Start with the fiscal math. The national debt passing $39 trillion is a headline; interest payments exceeding $1 trillion per year is a structural inflection. When the government pays more to service past borrowing than it spends on defence, education, or infrastructure, the fiscal trajectory is no longer a policy choice — it’s a mathematical constraint. The CBO’s projection of 120% debt-to-GDP by 2036 assumes no recession, no war escalation, and no additional unfunded tax cuts. The Cruz-Scott capital gains proposal would add $170-950 billion to that trajectory while delivering zero benefit to the bottom 40% of earners.
The Fed leadership crisis compounds the fiscal problem. Powell’s term expires in eight weeks, Warsh’s confirmation is stalled, and the FOMC is split between officials who see no cuts and a Treasury appointee who dissented for an immediate cut. The market cannot price forward guidance from a chair who may not be there to implement it. This is not a rate-path problem — it’s an institutional credibility problem that arrives precisely when the Fed’s role as economic backstop is most needed.
The consumer squeeze connects everything. Waller’s admission that US payrolls likely fell in 2025 — something that has happened only three times since 1945 outside a recession — reveals that the labour market was already contracting before the energy shock hit. The OBBBA’s tax refunds were supposed to be the growth engine for 2026. Instead, Oxford Economics calculates they will be “almost exactly offset” by higher energy costs. Lower-income consumers, already maxing credit cards and using BNPL for groceries, have no margin left to absorb further cost increases.

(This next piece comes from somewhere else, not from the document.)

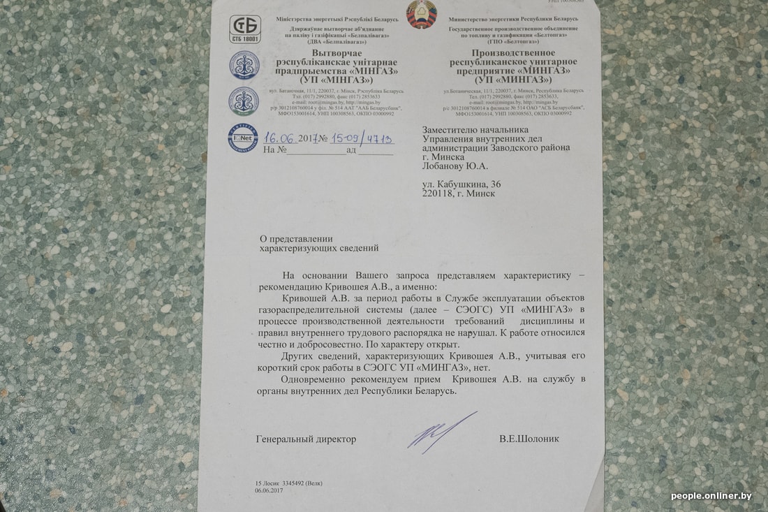 — Из армии он пришел летом 2017 года. Собирался идти служить в милицию, уже даже начал проходить медкомиссию, — объясняет бабушка. — Но у Леши были проблемы со здоровьем, ему пришлось ложиться на операцию. В приемной комиссии в МВД сказали, что после операции нужна реабилитация в течение семи месяцев. Поэтому Леше пришлось вернуться на свою прежнюю работу в «Мингаз». Мечты о милиции он не оставлял.

Canada’s position is structurally different and worth watching closely. The CUSMA exemption from the Section 122 surcharge creates a genuine competitive advantage — but one with a four-month expiry date. As covered in our Europe intelligence brief, every region is now managing the tension between trade protection and growth rescue. Canada’s CUSMA window is the most concrete example of how legal rulings create commercial opportunities with built-in deadlines.
The SCOTUS IEEPA ruling is still reverberating. The $100-175 billion in potential tariff refunds represents a stimulus event that no one budgeted for. The USTR’s accelerated Section 301 and 232 investigations are the administration’s attempt to rebuild tariff authority on different legal foundations — but each new approach faces fresh legal challenges, and the July 24 Section 122 expiry creates a hard deadline that Congress must address in an election year.
For Latin American investors, the US domestic picture is more concerning than the war headlines. A K-shaped consumer economy, a Fed in leadership limbo, a fiscal trajectory that CBO itself calls “not sustainable,” and a tariff regime being rebuilt in real time — these are the variables that will determine the dollar’s trajectory, Treasury yields, and the terms of trade for every US trading partner through 2026.
The midterm elections in November will be fought on this terrain. And both parties are proposing to make the fiscal situation worse — one through tax cuts, the other through spending — while the bond market watches the interest bill climb past $1 trillion for the first time. This USA Canada intelligence brief will track whether the arithmetic catches up with the politics before November.